— Никто тебя не приглашал выпить, ты просто дурно воспитан. Порядочные люди так себя не ведут.
Одни жалели двойника: ведь он был не виноват, другие вовсе его не жалели, им было стыдно за него, он раздражал их своим видом. Сам же двойник оставался безучастным, по-прежнему молчал и, сонно помаргивая, блаженно улыбался.
Переговоры продолжались, но, разумеется, безуспешно. Положение оставалось безвыходным и отчаянным. Разговор перешел на мага и Сорок четвертого; тут же послышались призывы свести с ними счеты. Когда страсти накалились до предела, появился маг; он шел, как во сне; увидев двойников, маг остолбенел, либо искусно изобразил удивление. Печатники, глядя на него, очень рассердились.
— Это твоя дьявольская работа, — негодовали они, — нечего разыгрывать удивление.
Злобные взгляды и грозный вид печатников испугали мага, он сразу с неподдельным жаром заявил о своей непричастности к этому делу; он-де отдал Сорок четвертому совсем другое распоряжение, и, окажись ученик здесь, он тотчас обратился бы в прах и пепел за то, что употребил во зло его, мага, заклятия; потом маг сказал, что должен немедленно разыскать ученика, и повернул назад, но печатники преградили ему путь.
— Пытаешься улизнуть, но тебе это не удастся! — вскипел Катценъямер. — Можешь не сходя с места вызвать сюда проклятое отродье, мы это знаем не хуже тебя. Вызови его сюда и уничтожь, либо — клянусь честью! — я предам тебя святой инквизиции!
Угрозы было достаточно.
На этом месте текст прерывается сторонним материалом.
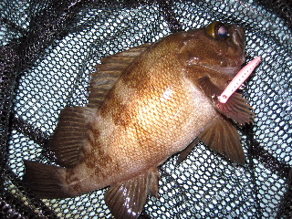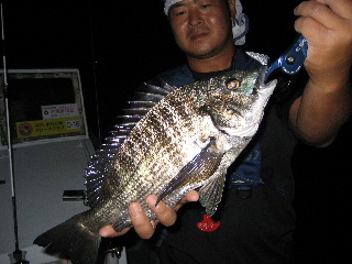 <詳細> 久しぶりの天野丸。 三河湾のメバルは、半袖で釣りが出来るようになってからが本番だ。 エサ釣りの情報を頼りに、船を出す。 まずはじめは、情報どおり、デカ島周りを攻めるが、水の感じが全く良く無い。。。 夜光虫が大量発生しておるうえに、いやな濁りが出ている。 おまけに、水面に細かい泡的なものまで出ていて、ダメっぽい。 しかし、そんな中でも釣れることがあるので、一応やるが、チビカサゴと思われるアタリが 数回あったのみで、まったく生命反応ナシ。 周辺で何度かアンカー入れなおして探るも、状況かわらず。。。 時間もそんなに余裕があるわけではないので、ここで大きくエリアチェンジする。 情報では潮が悪くてダメだと聞いている、チビ島まわりに移る。 時間も時間だし、帰りついでにチラっとみて、帰る。 そのくらいにしか思っていなかったが、チビ島に近付くにつれ、船の引き波が放つ、 夜光虫の発行現象が、あきらかに少なくなってきている。 こりゃイイかもしれん?? 予想は適中。 一ケ所目のアンカーポイントから、バイトが多発する。 しかも、重量感のある、サイズの良さそうなアタリだ。 ワームでなかなか乗らないため、マンサーエースプラグに切り替えて一投目、 あきらかに今までとちがう、ゴツン!というひったくるようなバイト! 柔らかい方のロッドを使っているため、なんども突っ込まれながら、ネットイン。 24cmほどだが、これ以上ないくらいの、グッドコンディションなメバルでした。 そのご、天野もプラグに変えて、ヒットが頻発するようになる。 同サイズのメバルと、30cmほどのセイゴと半々くらい。 そんな中、天野のロッドが大きく曲がる。 下へ下へとガンガン突っ込っみ、まったく上がってこない。 こりゃ間違い無い“アレ”だ。 メバル用の細仕掛けなので、慎重にやりとりしながら、無事ネットイン。 天野丸名物外道、チヌさんでした。 去年の今時分、自分も同じような感じで釣っているので、ちゃんと狙ったら、 そこそこ釣りになるんじゃないだろうか?? と、同じことを去年も言っている。。。 来年こそは、ちゃんと専用タックルで挑もう。 天野丸のホームグラウンドだが、やはり初夏〜梅雨入りくらいが一番面白そうだ。 ちょうど釣りものがひと段落する時季なので、来年からもう少しきちんと取り組んでも よさそうだ。 ま、なにより良いのは、ライバルが皆無ということ。 これにつきる。 <タックル> OKAMOTO ■ロッド:Team MANSAR オリジナル 7.0ft ■リール:イグジスト2506 ■ライン:ヨツアミG-Soul 0.4号 ■リーダー:グランドマックスFX 1.2号 ■ルアー:マンサーエースプラグ他 AMANO ■ロッド:フィネッツァプロトタイプ762UL-S ■リール:イグジスト2506 ■ライン:ヨツアミG-Soul PE0.4号+グランドマックス1.0号 ■ルアー:マンサーエースプラグ他

Бедный старик побледнел и затрясся, потом поднял руку, произнес какие-то непонятные слова, и в тот же миг — «Бум!» — ударил гром и перед нами возник Сорок четвертый, веселый, изящный, нарядный, как мотылек!
Все в ужасе кинулись к магу, чтобы воспрепятствовать казни; в душе никто не желал смерти парню, они только думали, что желают; послышался крик, и влетела Катрина с развевающимися седыми волосами; на мгновение нас да и все вокруг скрыла кромешная тьма, потом взорам предстала стройная фигура в центре круга — живой факел, полыхающий ослепительно-белым пламенем; миг — и Сорок четвертый обратился в пепел, и мы снова погрузились во тьму. Из нее вырвался плач-причитание, прерванный всхлипом и рыданием.
— Бог дал, бог взял… да святится имя твое! Это Катрина, истинная христианка, прощаясь со всем, что имела, целовала карающую руку.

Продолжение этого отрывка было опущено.